Contesté, le projet de loi Climat et résilience est en discussion à l’Assemblée pour trois semaines. Issu pour partie des propositions de la convention citoyenne pour le climat, le texte a fait l’objet de plus de 7000 amendements. Le débat promet d’être animé.

Le projet de loi « portant Lutte contre le dérèglement climatique et renforcement de la résilience face à ses effets » a entamé son examen en séance publique à l’Assemblée le 29 mars dernier. Après un passage en commission, puis devant le Conseil économique social et environnemental, le projet de loi comporte pas moins de 69 articles et six titres : se déplacer, se nourrir, se loger, consommer, produire et travailler, renforcer la protection judiciaire de l’environnement. Il est issu des 149 propositions citoyennes et vise à régir de nombreux aspects de la vie quotidienne des Français. On trouve dans ce texte des mesures touchant aussi bien à l’interdiction de certaines lignes intérieures d’avions, l’artificialisation des terres, la réglementation de la publicité, la lutte contre les passoires thermiques, le développement du vrac dans les grandes surfaces, l’instauration d’une « écotaxe » régionale… Pour la première séance publique, devant peu de députés, Barbara Pompili a défendu un texte de « bon sens ». Elle a toutefois admis que « face à l’urgence climatique, l’objectif est aussi simple que le chemin est complexe ». « La société à laquelle nous aspirons est tout sauf un monde de privations, est tout sauf un retour en arrière » a déclaré à la tribune la ministre.
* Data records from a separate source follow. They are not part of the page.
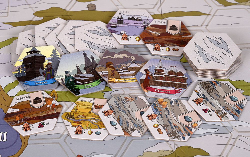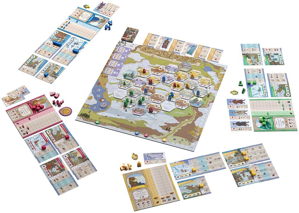 Игровое поле Тундры составляется из шестиугольников: в начале открыты только стартовые гексы игроков и несколько соседних, а остальное предстоит исследовать в ходе партии. В распоряжении каждого – планшет персонажа с особым свойством и треками ресурсов, а также четыре планшета приказов: зодчество, собирательство, перемещение и торговля. Именно на эти планшеты вы будете отправлять кубики-рабочих, чтобы строить здания, добывать ресурсы, осваивать новые земли и торговать, постепенно превращая суровую Тундру в процветающее владение.​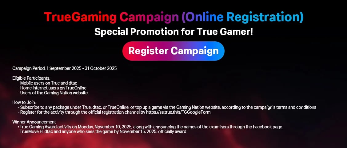 กิจกรรม “True Gaming” นี้สำหรับผู้ใช้บริการของ บริษัท ทรู มูฟ เอช ยูนิเวอร์แซล คอมมิวนิเคชั่น จำกัด และบริษัท ทรู อินเทอร์เน็ต คอร์ปอเรชั่น จำกัด (รวมเรียกว่า “บริษัทฯ”) ซึ่งเป็นผู้ใช้บริการโทรศัพท์เคลื่อนที่ ทรูมูฟ เอช และดีแทคในนามบุคคลธรรมดาทั้งระบบรายเดือน และระบบเติมเงิน ที่มีสถานะของการใช้งานเป็นปกติ (Active Status) (ยกเว้นผู้ใช้บริการในนามนิติบุคคล ตัวแทนเติมเงิน หรือเงื่อนไขอื่นที่บริษัทฯ อาจมีการเปลี่ยนแปลงในภายหลัง) ผู้ใช้บริการของ Gaming Nation และผู้ใช้บริการอินเทอร์เน็ตประจำที่ของทรูออนไลน์ (รวมเรียกว่า “ผู้ใช้บริการ”) โดยผู้ใช้บริการจะต้องสมัครแพ็กเกจหรือบริการภายใต้ ทรูมูฟ เอช, ดีแทค, เติมเงินเกม และทรู ออนไลน์ จากแพ็กเกจและบริการตามเงื่อนไขของการเข้าร่วมกิจกรรม (“ผู้ร่วมกิจกรรม”) กิจกรรมนี้ เริ่มตั้งแต่วันที่ 1 กันยายน 2568 – วันที่ 31 ตุลาคม 2568 เวลา 23.59 น.หรือจนกว่าจะมีการแจ้งเปลี่ยนแปลงจากบริษัทฯ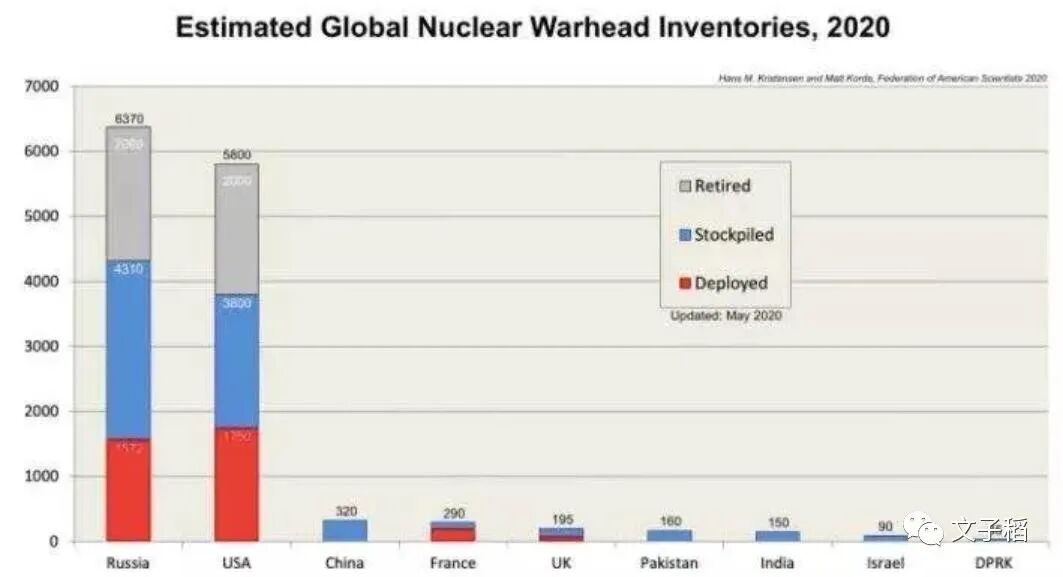 所以,一个跪着的人,看着你竟然站着,就会露出毒怨的目光。这个让我们不要自己吓自己的律师,绝对没想到,一年之后,作为“五眼联盟”之一的澳大利亚,即将在美英支持下拥有核潜艇大杀器。有没有想过,如果效果甚好,或者国际社会反击的力度不够,下一个拥有核潜艇的会不会是加麻大?或者会不会是日本?甚至印度?一年前,文子稻就预测如果全面扼制手段用尽,依然无法围堵中国的话,美国的下一步就剩核讹诈这一招。下图是世界核弹数量统计,美俄的核弹头数量都是中国的20倍!尤其是,美国这些年将核武器战术化、小型化后,更是防不胜防。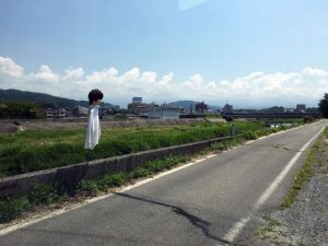 川沿いに車を走らせてみたら、あっちにもこっちにも人型がある。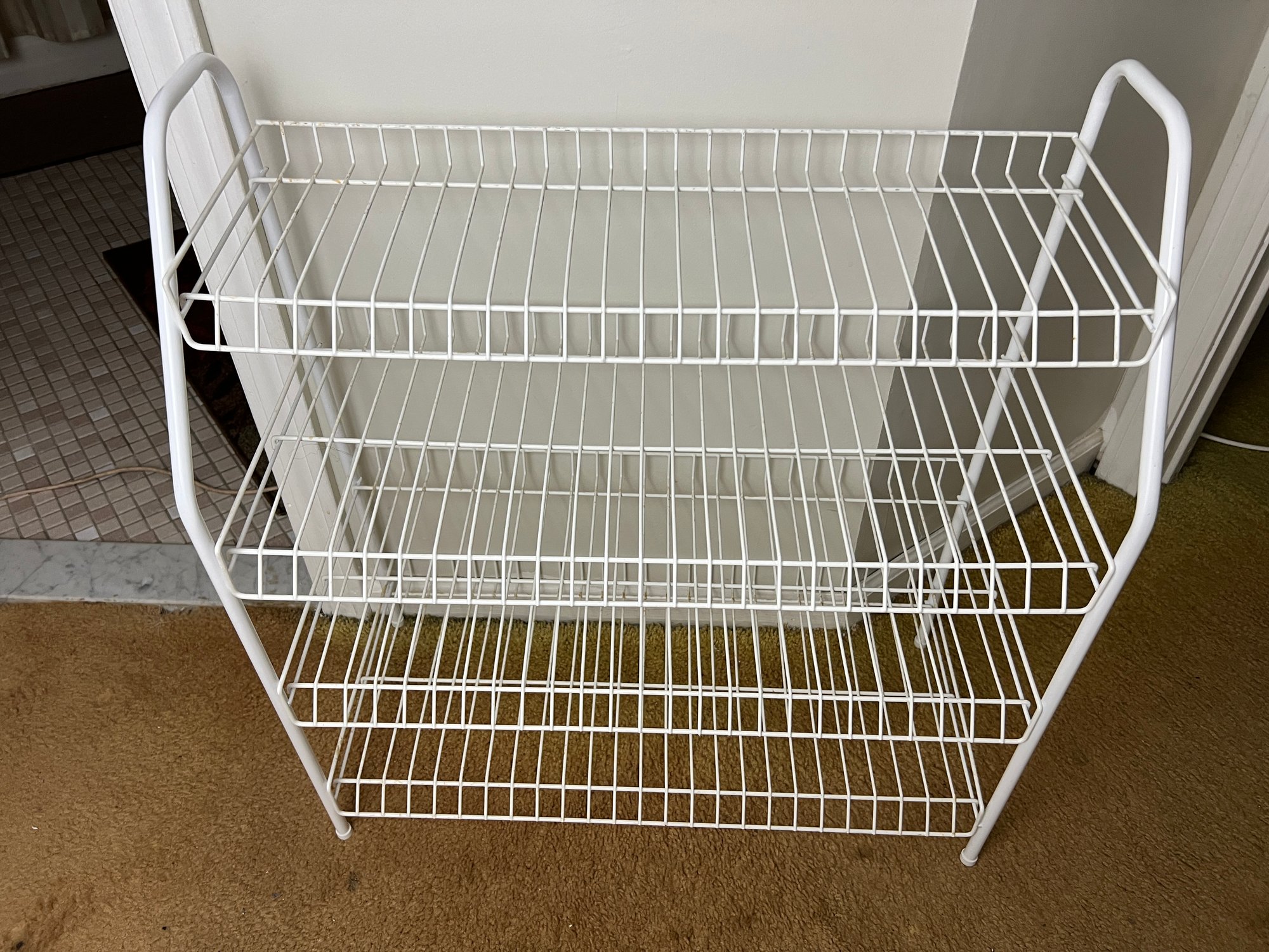 White coated metal wire four-tier shoe rack.

Si le gouvernement par la voix de sa ministre parle d’un texte « équilibré », les oppositions sont nombreuses et cherchent à se faire entendre. D’abord dans la rue. Le dimanche précédant le début de la discussion, de nombreuses manifestations et « Marches pour le climat »se sont tenues dans toute la France à l’appel de 650 organisations aux cris de « Pour une vraie loi climat Stop au blabla ». Les quelques 110 000 manifestants (selon les organisateurs) ont alors exhorté les parlementaires à adopter « une vraie loi climat ». En février, le Haut conseil pour le climat avait pour sa part exprimé un avis très critique parlant « d’un manque d’ambition sur la portée, le périmètre ou le calendrier » des mesures du texte, appelant le Parlement à aller plus loin si l’on voulait que notre pays puisse respecter ses objectifs climatiques.
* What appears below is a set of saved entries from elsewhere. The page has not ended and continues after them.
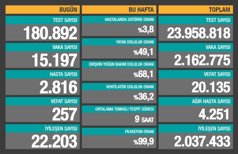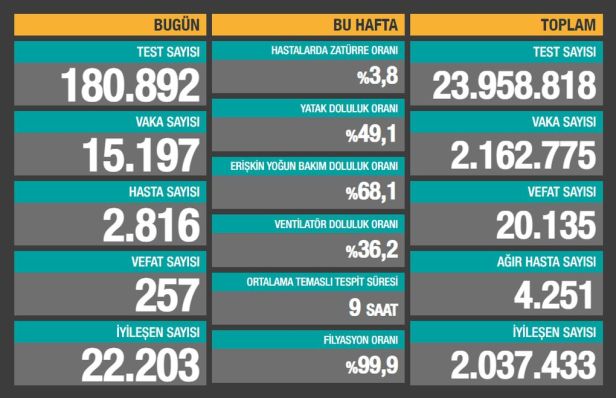 Sağlık Bakanlığı son 24 saatte 180.892 test yapıldığını, 15.197 kişiye Covid-19 tanısı konduğunu, 2.816 kişinin “hasta” kabul edildiğini, 257 kişinin de Covid-19 nedeniyle öldüğünü açıkladı.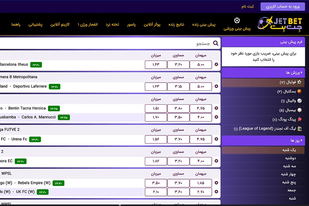 - انتخاب بازیها: به بخش پیش بینی فوتبال بروید و بازیهای مورد نظر خود را از میان مسابقات موجود انتخاب کنید.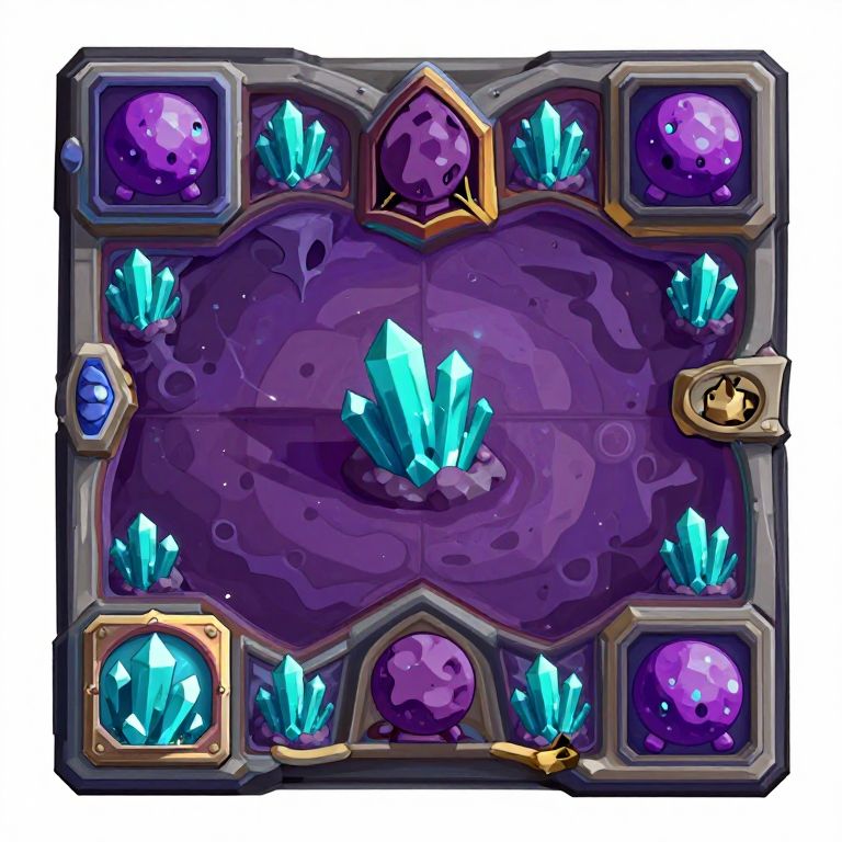 Paper top down 5x5 playing grid for card game similar to hearthstone, purple alien planet with teal crystalline ore and chasms in the background, beautiful vector art, style of Darkest Dungeon,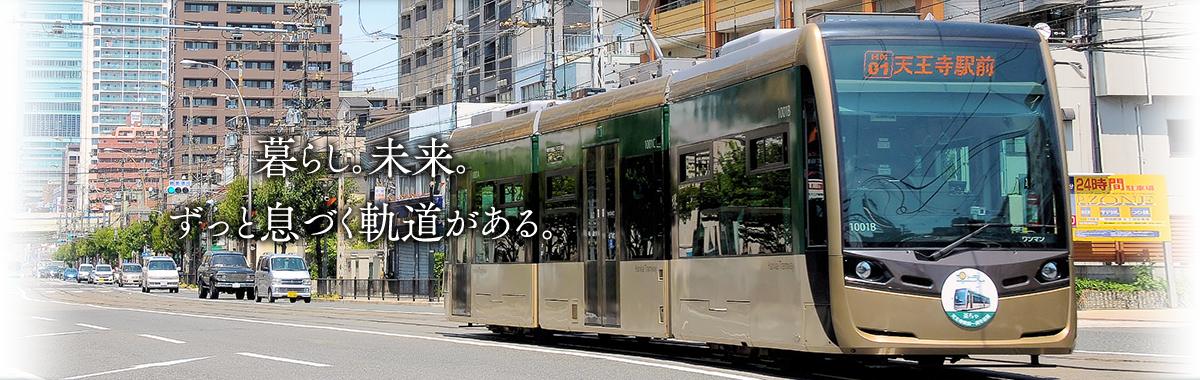 阪堺电车营运的阪堺上町线、阪堺线是从大阪市区前往南边堺市的路面电车。阪堺上町线的起点是天王寺駅前站,阪堺线则是通天阁旁的惠美须町站。

A l’Assemblée, avec plus de 7000 amendements déposés, le débat promet d’être animé. Parmi les parlementaires, il y a ceux qui trouvent d’office que le texte est loin d’être suffisant et qui estiment que le débat est « muselé » - en commission, 25 % des 5000 amendements déposés ont été jugés irrecevables, deux fois plus qu’habituellement pour un texte de loi. Et en séance le temps est limité à 45 minutes de parole. Pour ce qui est des oppositions, les écologistes de l’Assemblée ont très vite dénigré un texte qui « en commission a perdu entre un tiers et la moitié de son ambition, qui était déjà très faible » a déploré Mathieu Orphelin (NI, Maine-et-Loire).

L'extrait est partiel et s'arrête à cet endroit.